## Exercise
In the records below, find the line that holds "Kadınlar için çok". Restate it and every later line exactly, stopping at the end and skipping pictures.

··· Material to process ···

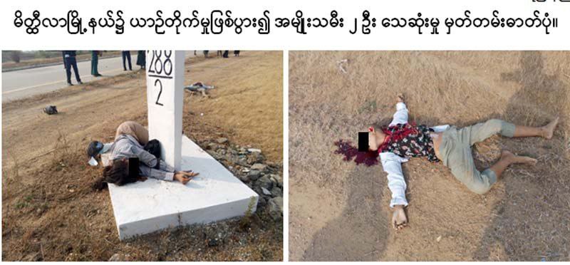မန္တလေးတိုင်းဒေသကြီး၊ မိတ္ထီလာမြို့နယ်တွင် အမြန်လမ်းပေါ် ဆိုင်ကယ်တက်မောင်းသည့်ညီအစ်မနှစ်ဦးမှာ ကားတစ်စီးနှင့်တိုက်မိရာက နှစ်ဦးစလုံး ပွဲချင်းပြီး သေဆုံးကုန်ကြသော်လည်း အဆိုပါ အခင်းဖြစ်စဉ်အတွက် ဆိုင်ကယ်တက်ရောက်မောင်းနှင်ခွင့်မရှိသည့် အမြန်လမ်းပေါ် ဆိုင်ကယ် မောင်းနှင့်မှုဖြင့် သေဆုံးသူကိုသာ အမှုဖွင့်လိုက်ရသည်ဟု မြန်မာနိုင်ငံရဲတပ်ဖွဲ့ထံက သိရသည်။
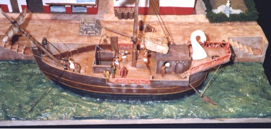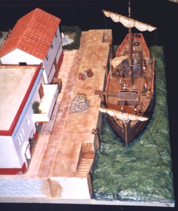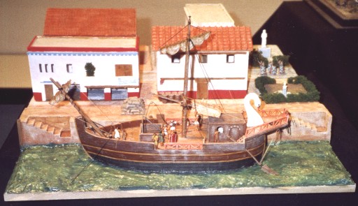 Die Bilder zeigen ein in Arbeit befindliches Diorama von Andreas Lehner mit dem antiken römischen Schwanenhals-Handelsschiff von KF-Miniaturen.
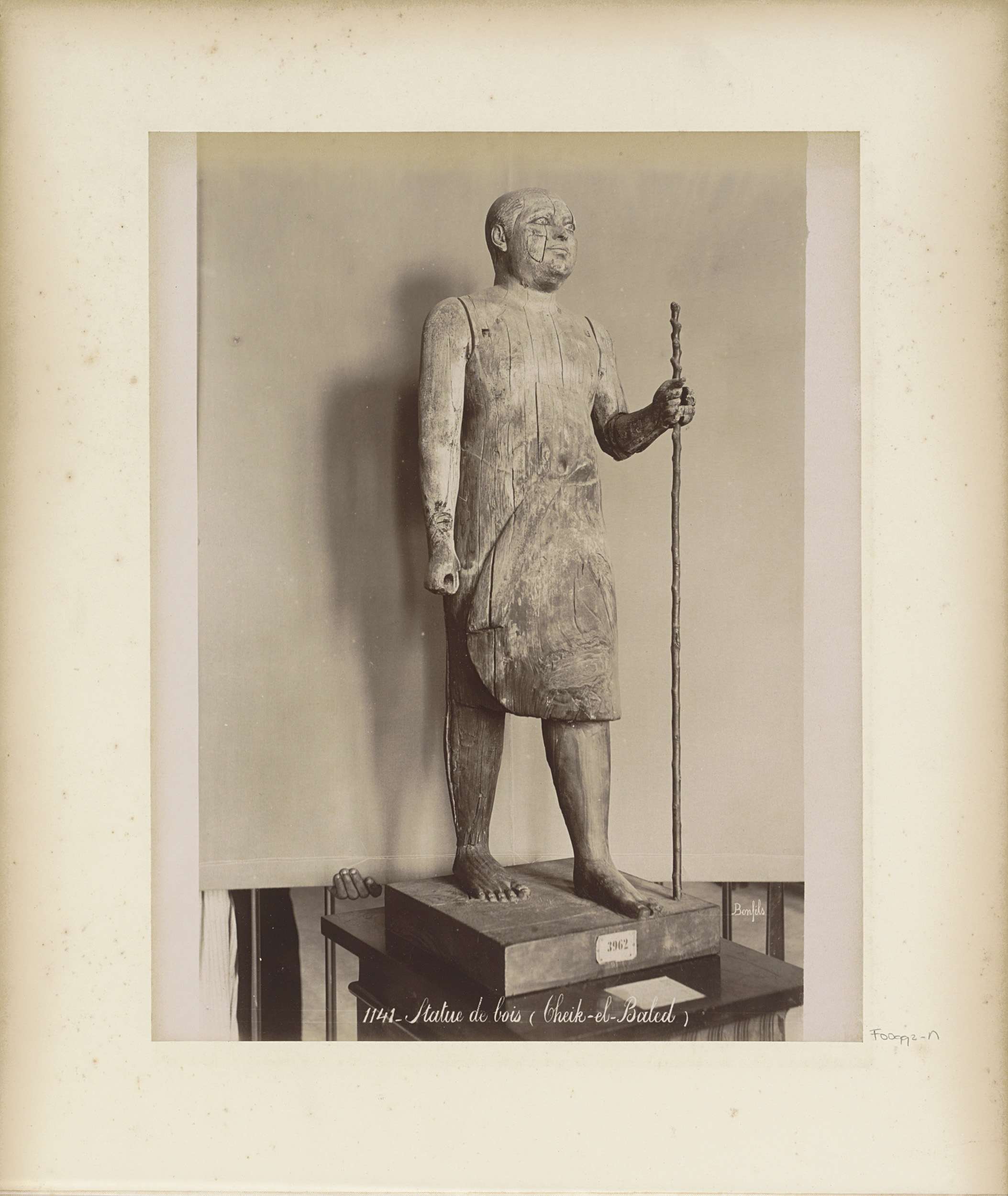 Houten standbeeld van een man met een staf (Cheik-el...
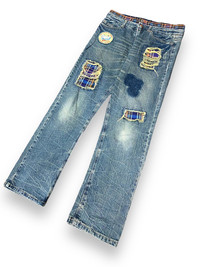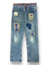 Distressed Denim - JAPAN DESIGNER DOUBLE WAIST DISTRESSED PATCHWORK STRAIGHT CU
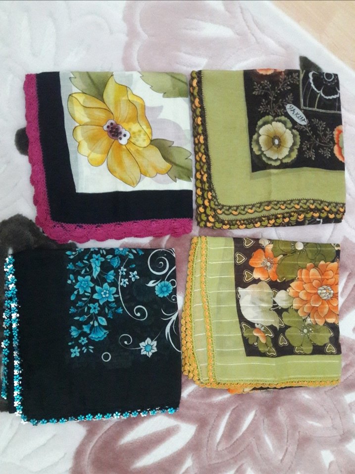 Kadınlar için çok renkli tekstil kumaştan, dantel detaylı eşarplar. Canlı koyu renkler ve çiçek desenleri bohem ve retro tarzı yansıtıyor. Tane fiyatı mevcuttur
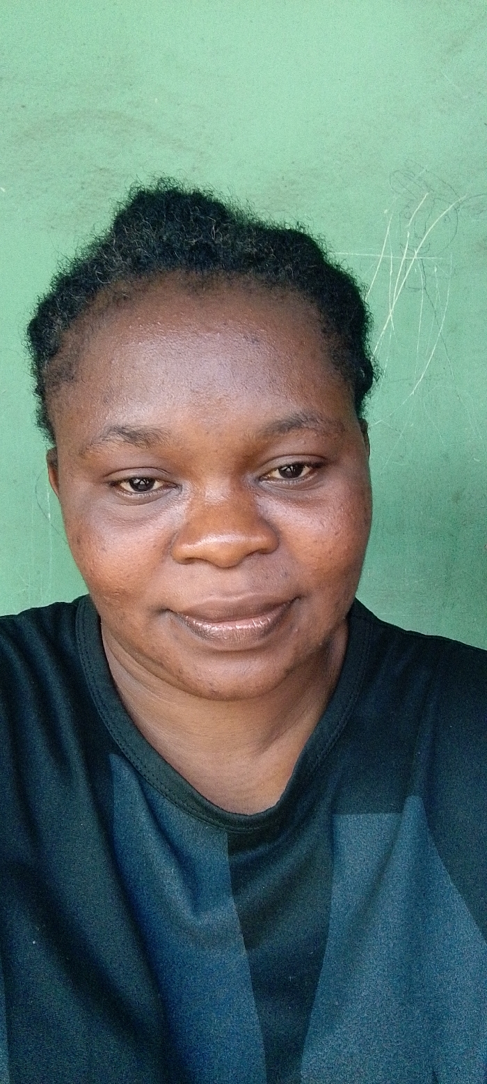 A headshot photograph depicts an adult female of African descent, centered against a light green, painted wall
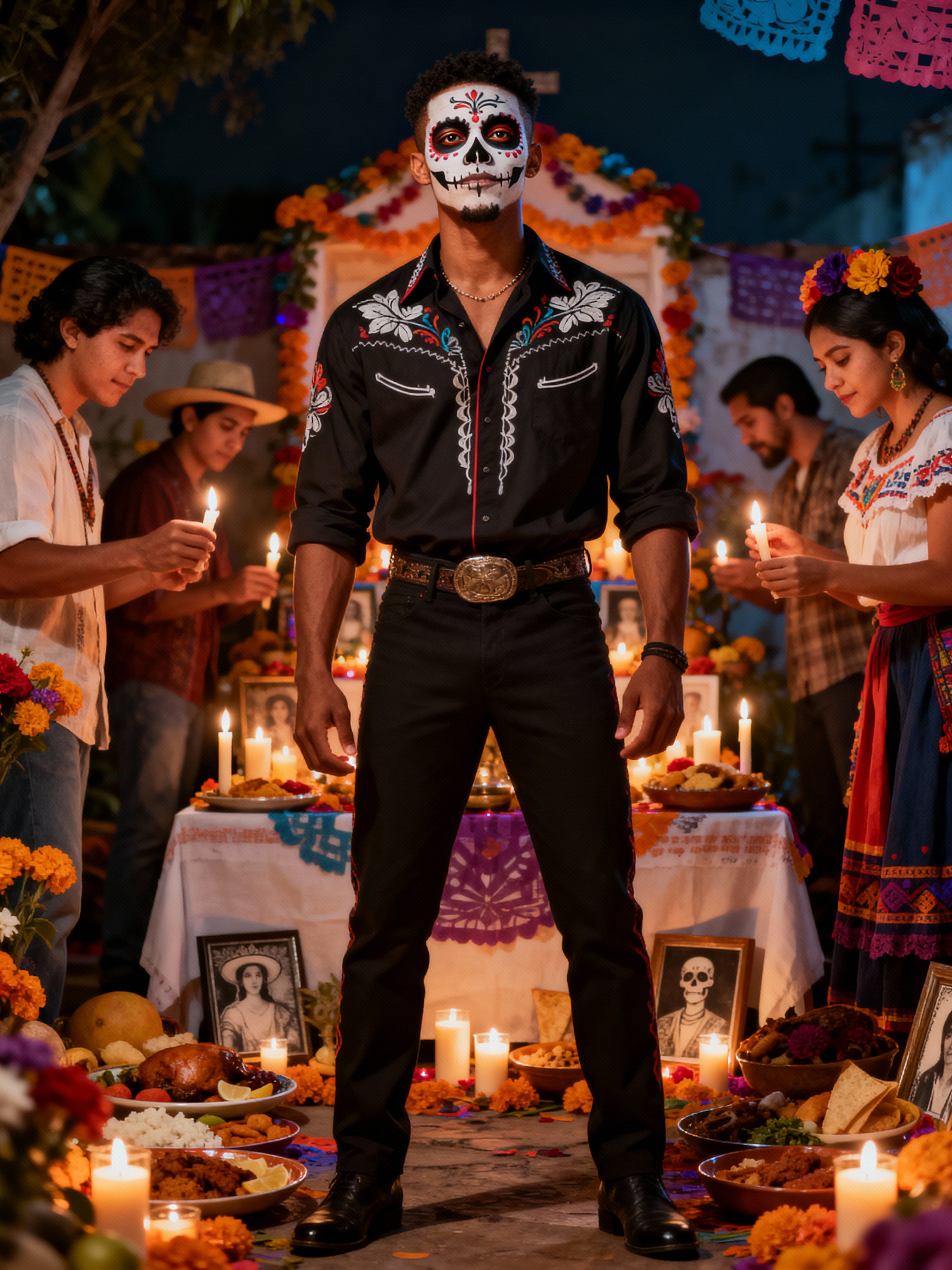 a model enjoying Day of the Dead festivities, surrounded by friends lighting candles at an altar, with a table full of traditional foods and favorite dishes of the departed

···

## Output for this task
 Kadınlar için çok renkli tekstil kumaştan, dantel detaylı eşarplar. Canlı koyu renkler ve çiçek desenleri bohem ve retro tarzı yansıtıyor. Tane fiyatı mevcuttur
 A headshot photograph depicts an adult female of African descent, centered against a light green, painted wall
 a model enjoying Day of the Dead festivities, surrounded by friends lighting candles at an altar, with a table full of traditional foods and favorite dishes of the departed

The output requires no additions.